第7回:語学学習成功は目標設定能力?(SSさん)
第6回:段階に合ったやり方で(umeさん)
第5回:鍵は多面的アプローチ(Y. I.さん)
第4回:私の英語とのつきあい方-時間が味方(YBさん)
第3回:「精読」と「多読」をバランスよく(S.T.さん)
第2回:英語の大海で漂流しないために、自分の羅針盤を持つ(SAKURAさん)
第1回:自分の専門分野でバイリンガルを目指す(Tedさん)
第1回:自分の専門分野でバイリンガルを目指す
「バイリンガルへの憧れ」からの決別
私は、北海道千歳市という田舎町で生まれ育ちましたが、10歳から英語塾に通わせてもらったおかげで英語を得意科目として学生時代を過ごし、社会人になっても常に英語に関わる仕事をしてきました。現在53歳なので、英語に触れ始めてから43年になるわけですが、これまで一体どのくらいの時間、英語に接してきたのだろうかと思い、ざっくりと足し算してみたところ、軽く60,000時間を超えていました。43年間毎日4時間以上英語に触れてきた計算になります。
マルコム・グラッドウェル氏の著書「天才!成功する人々の法則」によれば、ある分野で突出した能力を発揮できるようになるために必要な練習量の目安は「10,000時間」だそうです。これが真実であれは、今の私は「英語の達人」で完全に「バイリンガル」になっていないといけないはずですが・・・、現実は全く異なります。映画やテレビドラマを字幕なしで観て100パーセント分かるかといえば分からないし、日本語と同じレベルで英語がスラスラと出てくるわけではありません。
しばらくの間は、自分の勉強方法にどんな問題があるのだろう。どうすれば、「バイリンガル」レベルになれるのだろう、と模索する日々を過ごしましたが、あるとき気がついたのです。それは「バイリンガル」をどう定義するかによって、一種の割り切りがつけられるということに。「バイリンガルへの憧れ」からの決別です。

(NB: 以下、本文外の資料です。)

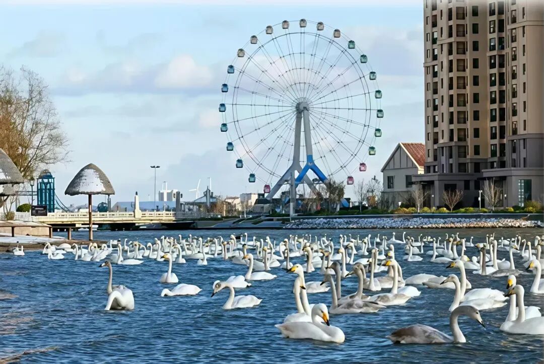 登上缓缓攀升的摩天轮,如同展开一幅动态的画卷——玉兰湖的轮廓在脚下逐渐舒展,湖心岛、枯黄的芦苇与蔚蓝的水面交织成静谧的背景。而那些洁白的天鹅,从高空俯瞰,不再是湖边的点缀,而是这幅画卷里灵动的笔触。
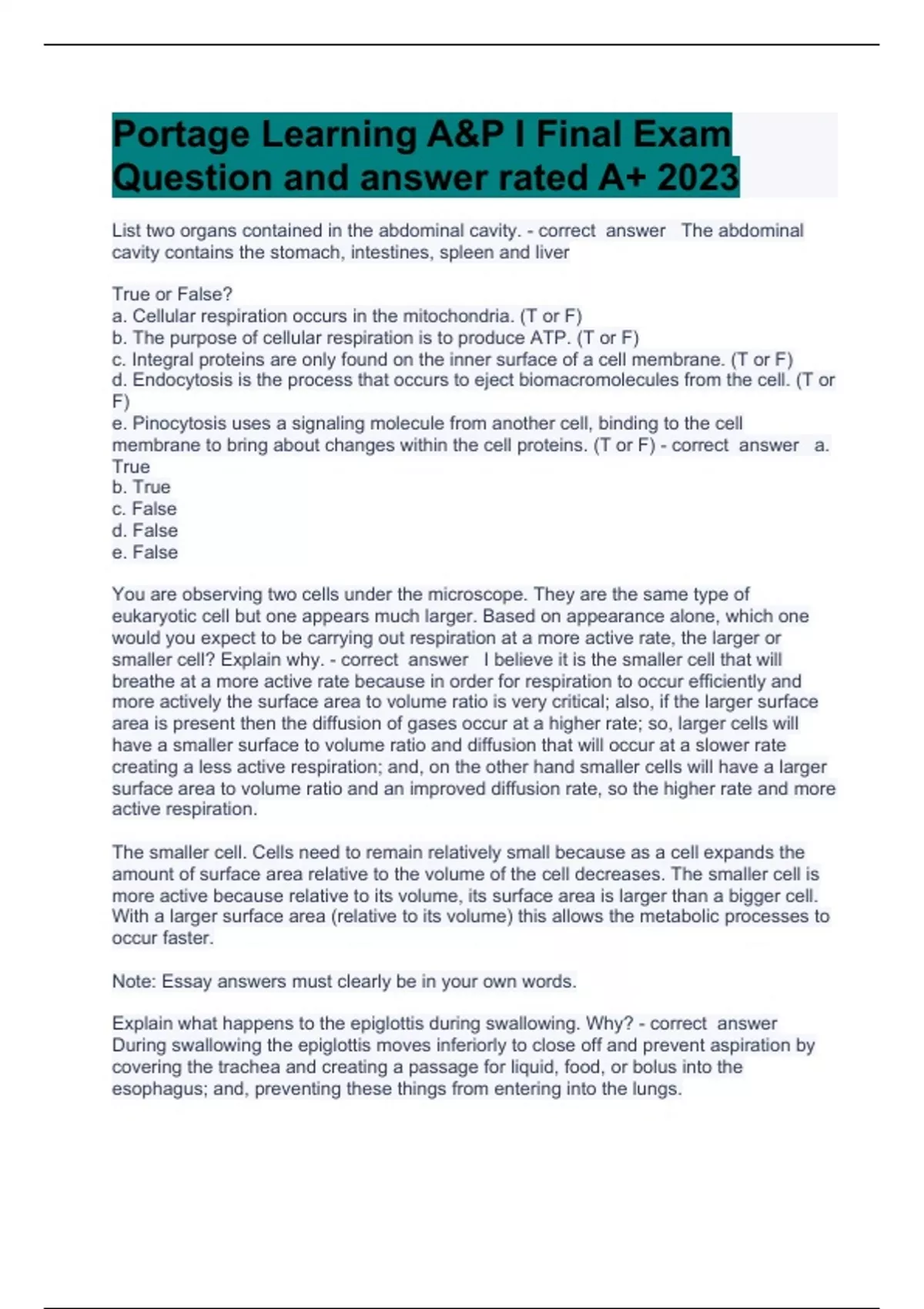Portage Learning Question and answers correctly solved 2024 List two organs contained in the abdominal cavity. - correct answer The abdominal cavity contains the stomach, intestines, spleen and liver True or False? a. Cellular respiration occurs in the mitochondria. (T or F) b. The purpose of cellular respiration is to produce ATP. (T or F) c. Integral proteins are only found on the inner surface of a cell membrane. (T or F) d. Endocytosis is the process that occurs to eject biomacromolecules from the cell. (T or F) e. Pinocytosis uses a signaling molecule from another cell, binding to the cell membrane to bring about changes within the cell proteins. (T or F) - correct answer a. True b. True c. False d. False e. False You are observing two cells under the microscope. They are the same type of eukaryotic cell but one appears much larger. Based on appearance alone, which one would you expect to be carrying out respiration at a more active rate, the larger or smaller cell? Explain why. - correct answer I believe it is the smaller cell that will breathe at a more active rate because in order for respiration to occur efficiently and more actively the surface area to volume ratio is very critical; also, if the larger surface area is present then the diffusion of gases occur at a higher rate; so, larger cells will have a smaller surface to volume ratio and diffusion that will occur at a slower rate creating a less active respiration; and, on the other hand smaller cells will have a larger surface area to volume ratio and an improved diffusion rate, so the higher rate and more active respiration. The smaller cell. Cells need to remain relatively small because as a cell expands the amount of surface area relative to the volume of the cell decreases. The smaller cell is more active because relative to its volume, its surface area is larger than a bigger cell. With a larger surfa
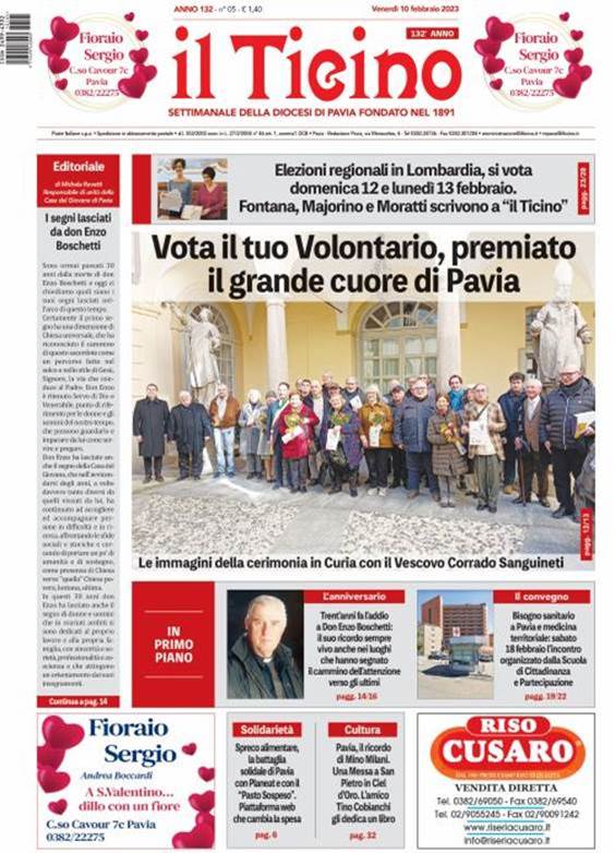 Attualità 11 Febbraio 2023 “il Ticino” nelle parrocchie della Diocesi di Pavia e nelle edicole di tutta la provincia

「バイリンガル」を「英語の大和言葉と日本語の大和言葉が完全に同じレベルで使えること」と定義した場合、「バイリンガル」になるには、私の感覚では、遅くとも高校時代以降を英語が母国語である国で過ごし、家庭では親兄弟と日本語で話すような環境にいることが最低条件ではないかと思います。そして、人生を高校生からやり直すことができない以上、このような「バイリンガル」になることはもはや不可能です。これが私の言う「割り切り」です。
ビジネスパーソンにとって必要な「バイリンガル」とは
それでは、私を含めた大多数の日本人ビジネスパーソンにとって目指すべき「バイリンガル」とは何かといえば、それは、「自分の専門分野(得意分野)だけバイリンガル」になることです。
私は会計を中心とした財務が専門ですので、財務に関しては専門用語を日本語と英語で完全に対応させることができます。ネイティブなら小学生でもスラスラ読める「ハリーポッター」シリーズを英語で読もうすると辞書がないと困りますが、会計や財務に関する文書を英語で読むのに辞書がないと困るということはありません。ビジネスパーソンが身につけるべき英語力というのはそういうものであるべきだと思います。ハリーポッターが読めなくても気にしなくていいのです。